Echoing Cao’s point, Mahat said that "there is a lot of room for improvement" when it comes to the capture efficiency of scGRO-seq, which can only detect about 10 percent of nascent RNAs within a cell at the moment.

Moreover, Mahat acknowledged that the throughput of the method is still pretty low given it is carried out on a 96-well plate. Throughput could be improved by switching to a droplet-based method, he noted.
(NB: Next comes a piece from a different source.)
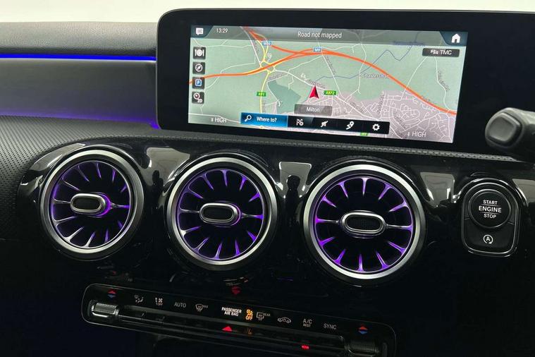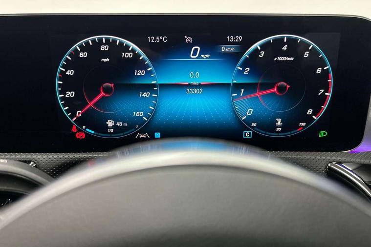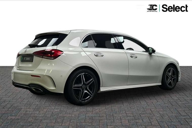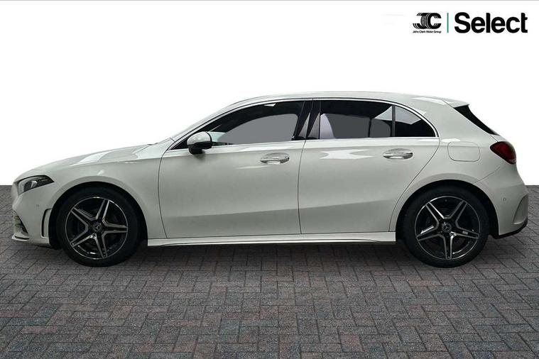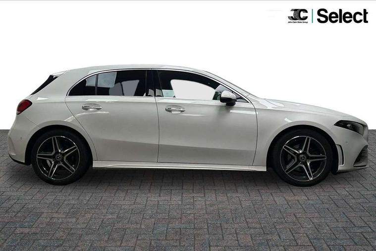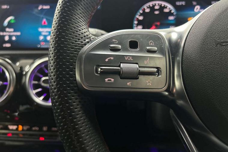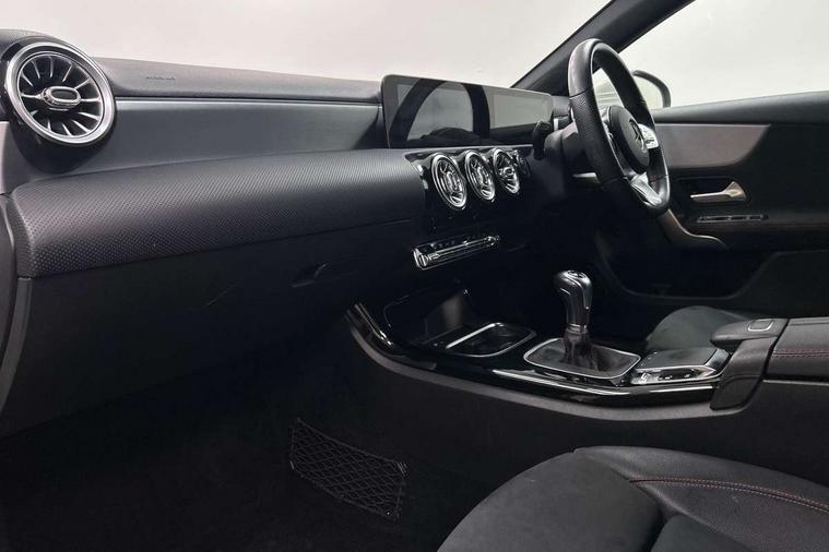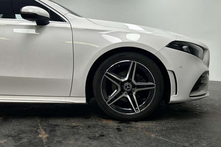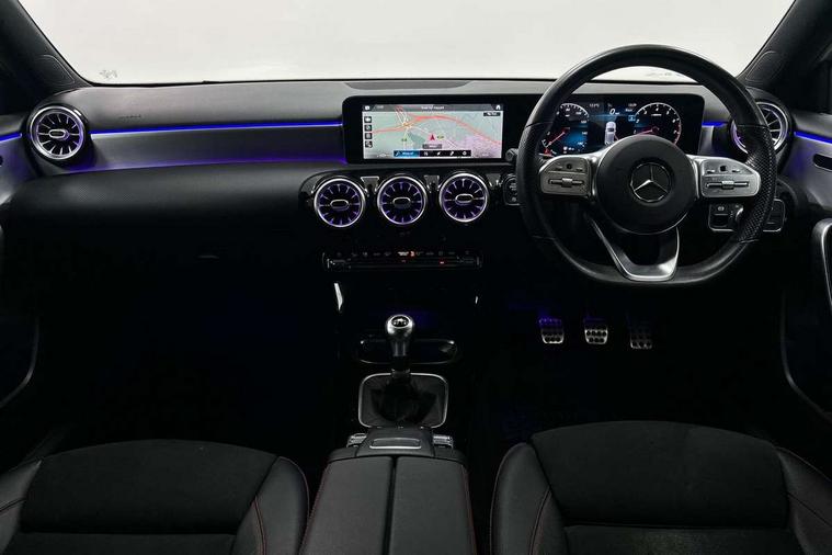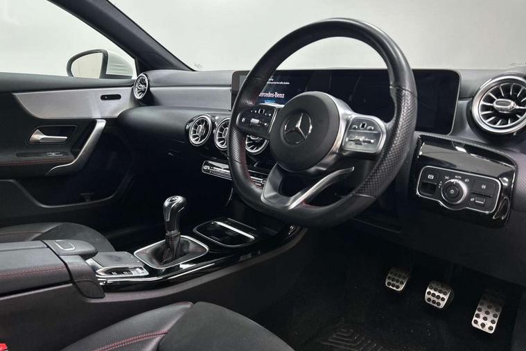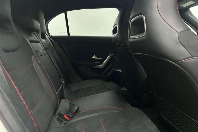 10.25" Digital instrument cluster display screen, 180 degree rear view camera with parking guidelines, Active lane keep assist, Active park assist with parktronic system including front and rear parking sensors, Attention assist, Brake pad wear indicator warning light, Cruise control + speed limiter, Direct steering, DYNAMIC SELECT with a choice of driving modes (ECO, Comfort, Sport and Individual), ECO start/stop function, Fluid level warning indicator for fuel, oil, coolant and washer fluid, Hard-disk navigation, Hey Mercedes Voice activation, Lamp failure indicator, Mercedes me connect including emergency call system, accident recovery, breakdown and maintenance management, Outside temperature gauge, Radio aerial integrated into roof spoiler, Service indicator (ASSYST), Speed sensitive power steering, Trip computer, Lowered comfort suspension, DAB Digital radio, Dual bluetooth interface, 2 USB ports (type C), MBUX multimedia system with DAB digital radio and touchpad including satellite navigation, Mid-range sound system, 4 Electric Front and Rear windows, Active aerodynamics with AIRPANEL in the front apron, Adaptive brake lights, AMG front, rear apron and side skirts, Blue tinted glass, Body colour bumpers, Body colour door handles, Body colour side skirt, Body coloured door mirrors, Chrome beltline trim, Diamond radiator grille with chrome pins and silver louvre + chrome insert, Electric adjustable and heated door mirrors with integrated LED side indicators, Exhaust system - Twin trapezoidal tailpipes in polished stainless steel, Headlamp assist automatic headlamp activation, Heated glass rear windscreen + timer control, LED high performance headlamps with integrated LED daytime running lights, LED tail lamp, LED third brake light, Privacy glass, Rain sensor windscreen wipers, Rear fog lights, Rear wiper, 12V socket, 3 Spoke flat bottom leather multi function steering wheel with perforated leather in grip area, 40:20:40 split folding rear seats, Air vents surround and cruciform nozzle in silver chrome, AMG floor mats with red stitching, Artico man-made leather/Microfibre Dinamica upholstery with red contrast stitching, Auto Mercedes-Benz child seat recognition sensor, Black roof lining, Brushed stainless steel sports pedals with rubber studs, Controller on centre console with chrome surround, Cup holder and stowage compartment lighting, Freight packaging without tie-down hooks, Front centre armrest with storage compartment, Front door sills with Mercedes Benz lettering, Front footwell lights, Front reading lamps in left and right console downlighter, Front seat backs luggage nets, Front seat cushion length adjustment, Front signal exit lamp, Front vanity lights, Handle recess/closing light, Heated front seats, Height/reach adjustable steering column, Illuminated door sills, Illuminated glove compartment stowage, Interior lighting - 64 colour Ambient lighting, ISOFIX Child seat top tethers and anchor fixings, Manual height adjustable front seats, Oddments tray lighting, Rear armrest, Rear head restraints, Rear Reading Lamps, Seat occupancy sensor for front passenger seat, Spectacles compartment for driver, Sports seats with integrated headrests, Storage compartment under load area floor, Sunvisors with illuminated vanity mirrors, Touchpad, Touchpad illumination, Twin front cupholders, Two zone thermotronic luxury automatic climate control, Light and sight pack - A Class, Mirror package - A Class, Seat comfort pack - A Class, 3 rear 3 point seatbelts, ABS with Brake Assist, Active bonnet, Active brake assist includes forward collision warning system with autonomous braking, Adaptive brake assist with hold function and hill start assist, Black seatbelts, Childproof locks manually operated for rear doors and electrically operated for rear power windows, Crash responsive emergency lighting, Driver and passenger head and side airbags, Drivers knee airbag, Dual stage driver/passenger airbags, Electronic parking brake, ESP curve dynamic assist, ESP with ASR, Front and rear seatbelt reminder, Front brake callipers with Mercedes Benz lettering, Tyre pressure monitoring system, Warning triangle and first aid kit, Window airbags, Alarm system/interior protection/immobiliser, Keyless entry lock/unlock, Remote central locking and crash sensor with emergency opening function, 18" AMG 5 twin spoke light alloy wheels in titanium grey with highsheen finish, Summer tyres, Tirefit sealant kit,

Down the road, he and his collaborators are also hoping to measure not only nascent RNAs but also mature transcripts at the same time.

A US patent pertaining to scGRO-seq has already been granted to MIT, with Mahat and Sharp, who is the paper’s corresponding author, as inventors. Mahat said the team is in contact with a few single-cell companies for licensing the IP for kit development.

Mahat said one of his goals is to use scGRO-seq to establish a cell-specific enhancer-gene map, elucidating the role of enhancers in disease development.

"Having the map in various cell types, various conditions, and various tissue types, we will be much closer to understanding what these enhancers and their associated variants are contributing to diseases," he said. "I think scGRO-seq is going to be a major tool in revealing that map, and we're excited about that."